The hearing will continue on Sept. 16 when the commission will review architectural plans for the proposed building.

Also at the commission on Thursday night, Jeffers Lane on Chappaquiddick and Old Wood Lane in Edgartown were approved for designation as special, or ancient, ways. The move represents an expansion of the special ways portion of the Island Road District, a district of critical planning established by the commission in 1975 as a way to preserve for the public traditional paths that crisscross the Island.

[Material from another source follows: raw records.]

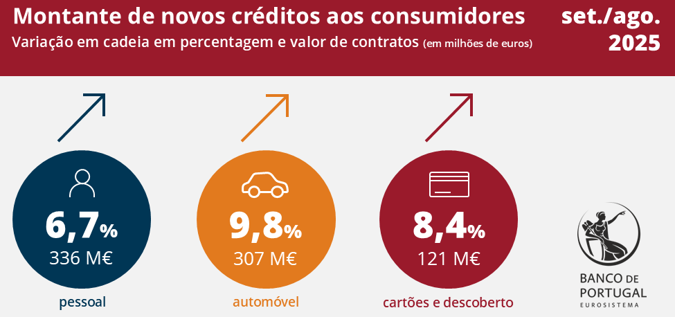 Os portugueses estão a pedir mais dinheiro emprestado. Os novos créditos aos consumidores registaram em setembro um crescimento homólogo de 9,9%, segundo dados divulgados esta segunda-feira pelo Banco de Portugal. Uma evolução que espelha uma confiança renovada das famílias na sua capacidade de endividamento, num contexto de descida das taxas de juro e de recuperação económica sustentada pelo consumo privado.
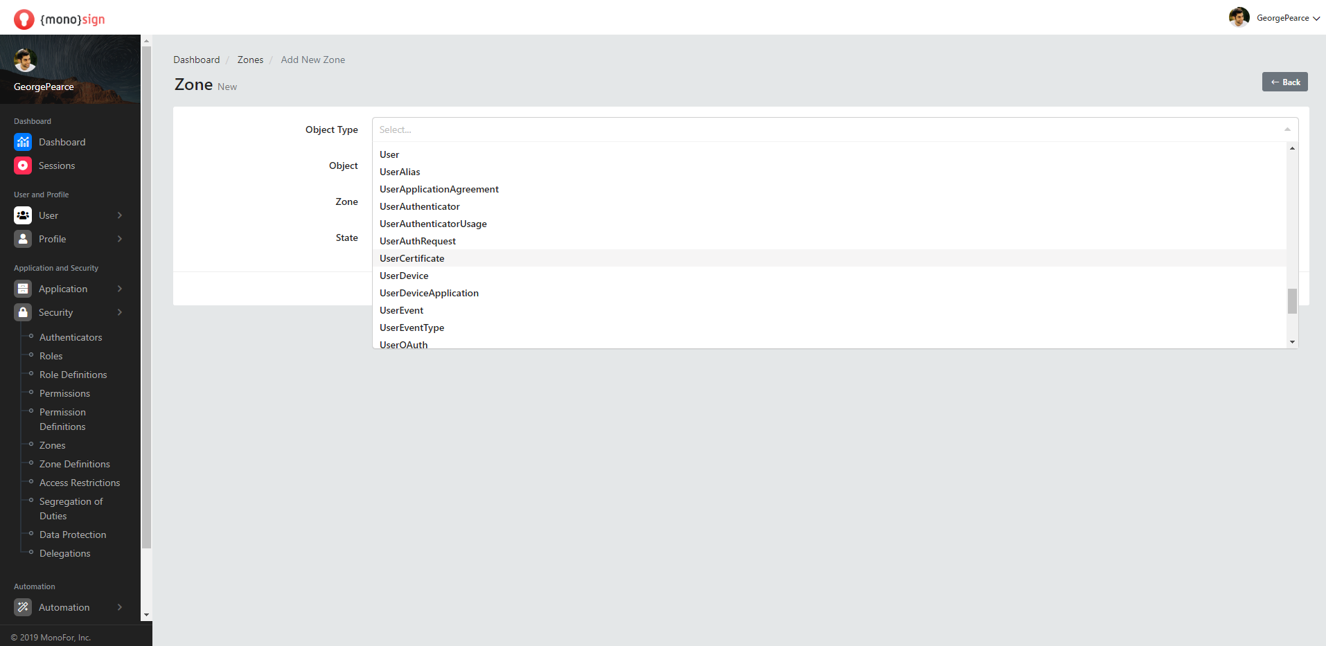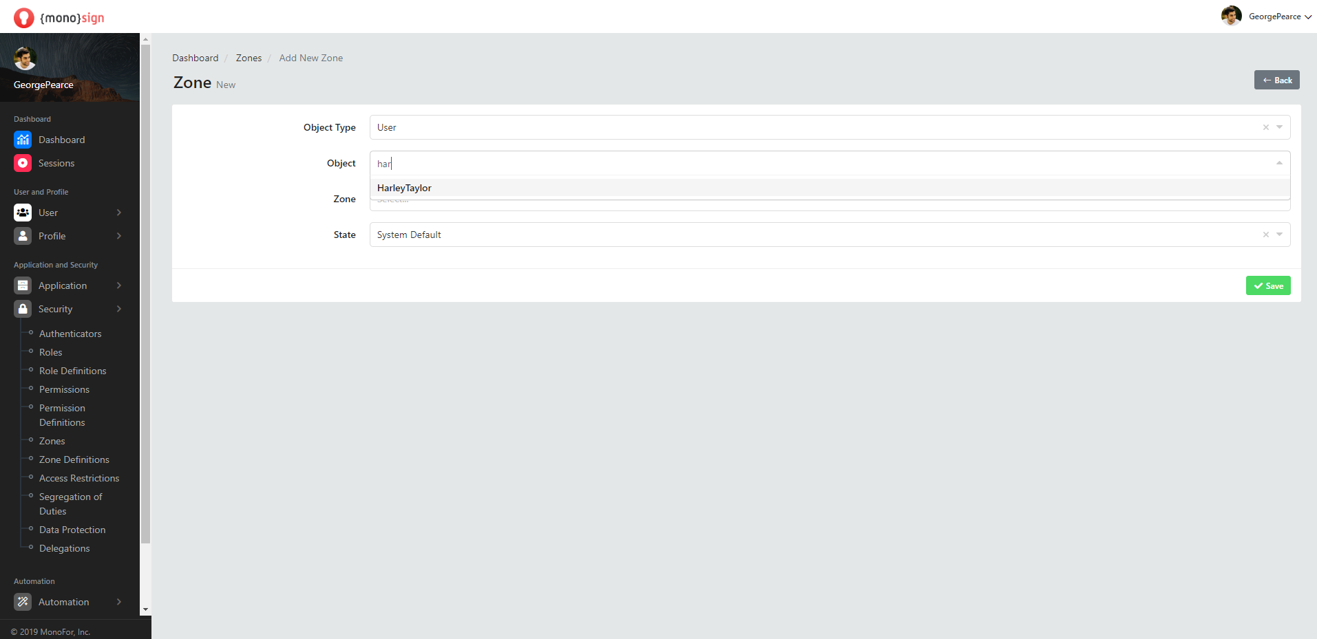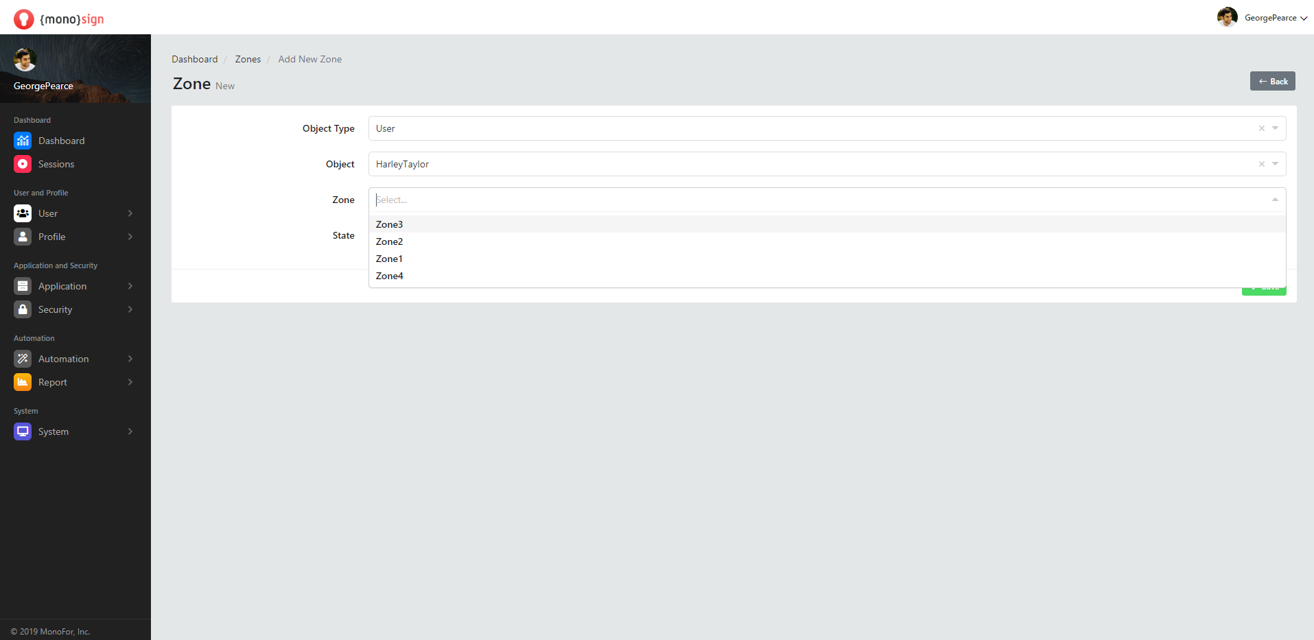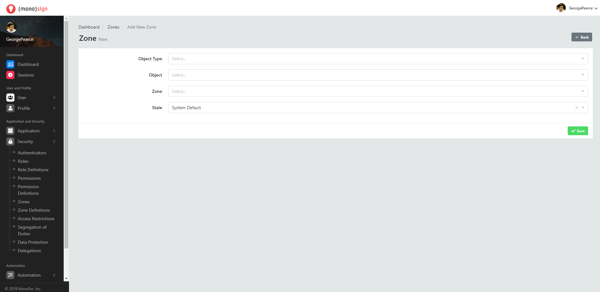 The Add New Zone page is the page where you can assign objects to a zone. You can perform your zone assignment, defined on the zone definitions page, to the objects defined on the system.
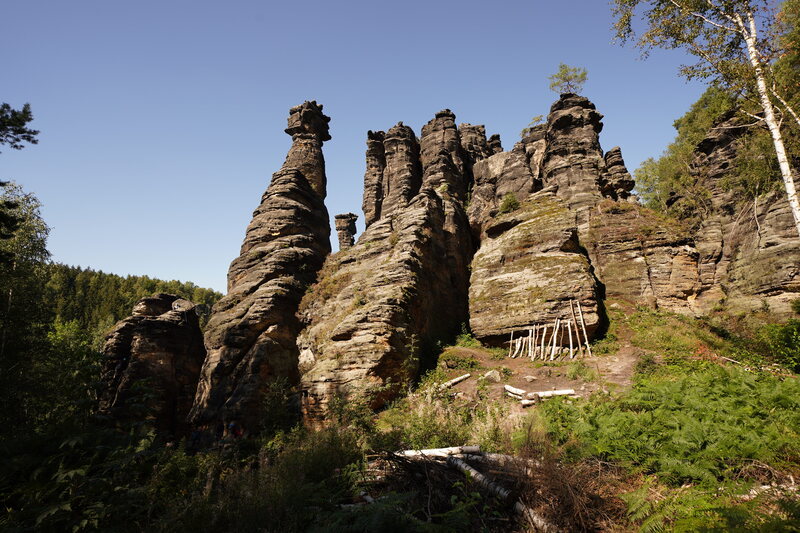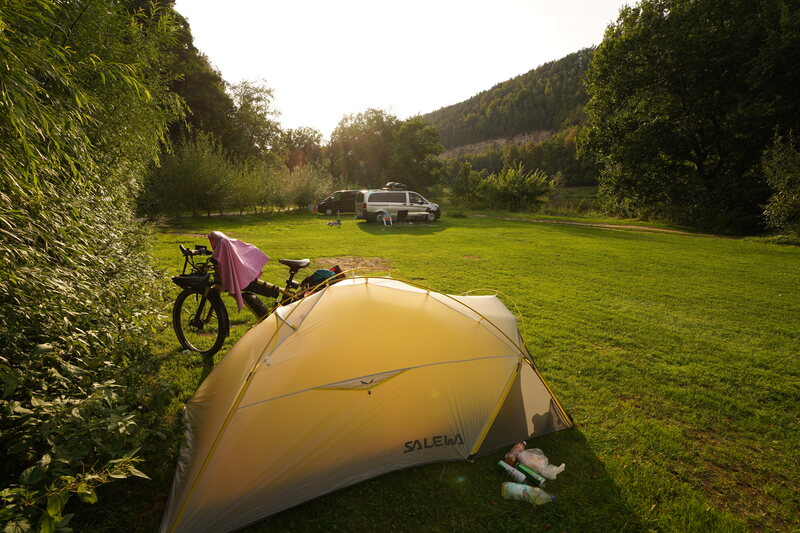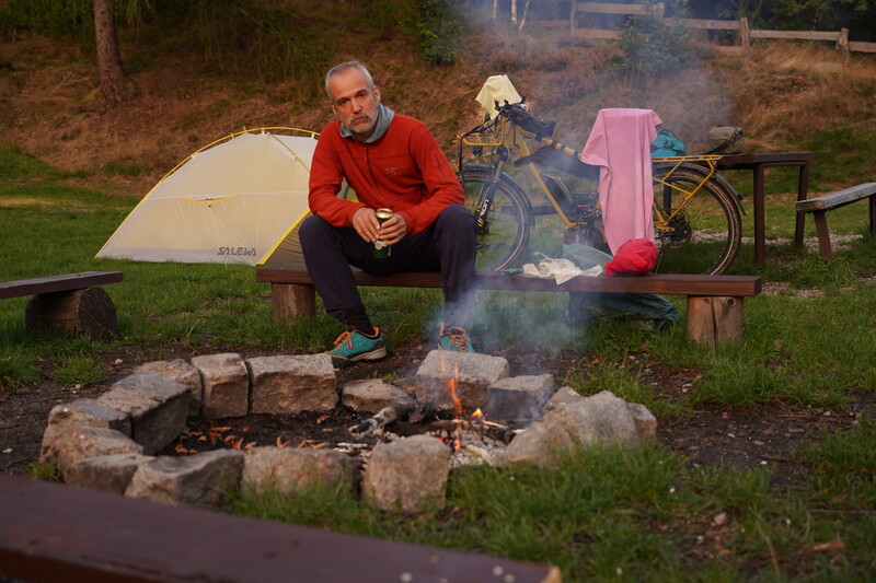 Also Elbsandsteingebirge. Für die wo es nicht wissen: das sind so Sandsteintürme, die aus der Landschaft heraus nach oben ragen. Ich bin im tschechischen Tisa auf einem Zeltplatz, direkt am Fuß dieser urtümlichen Monster. Ich bin ganz allein auf dem Platz, darf mein Fahrrad etwas putzen und die Kette ölen, mein Flugzeug direkt auf dem Gelände fliegen lassen und heute Abend sogar Feuer machen. Ob ich das hinbekomme. Nachdem ich mit kaltem Wasser gestern nur die Katzen gewaschen habe, ist es eben heute Zeit für das Vollwaschprogramm.

Many ancient ways are preserved as walking, horseback riding or bicycling paths, but Jeffers Lane, which has seen development along it for years, will be designated a special vehicular way, which allows for the continuation of light traffic. Edgartown byways committee member William Bassett told the commission that the path has special historical significance and that support on Chappaquiddick for the move was unanimous.

“This road goes back at least to colonial times and was probably even an old Indian trail,” he said. At the northern end of Jeffers Lane is a historic cemetery overlooking Cape Pogue that includes Wampanoag gravesites, including the site of William A. Martin, the only African American whaling captain from the Vineyard.

Development is prohibited within 20 feet of either side of the centerline of special ways, and the designation ensures that the roads will never be paved. The move was prompted by increased development in the area, a trend that the Martha’s Vineyard Land Bank has beaten back by purchasing properties along the path and “undeveloping,” or removing structures.

The other ancient way, Old Wood Road (the earliest mention of which comes from a topographical survey from 1898), runs from Meetinghouse Way in Edgartown north, past the Island Grove subdivision, to Quenomica Road, itself a special way. Old Wood Road is not a special vehicular way and will be closed to traffic.

“These roads tend to get overgrown or people turn them into access for subdivisions,” Dudley Levick of the byways committee said. “That’s not what they’re for, they’re for public use.”

Mr. Levick said that Old Wood Road used to continue through what is the bottom end of development on Hye Road, through the sewage plant, across West Tisbury Road and continue up to Ben Tom’s Road, another ancient way.

“At one time these were all connected,” Mr. Levick said.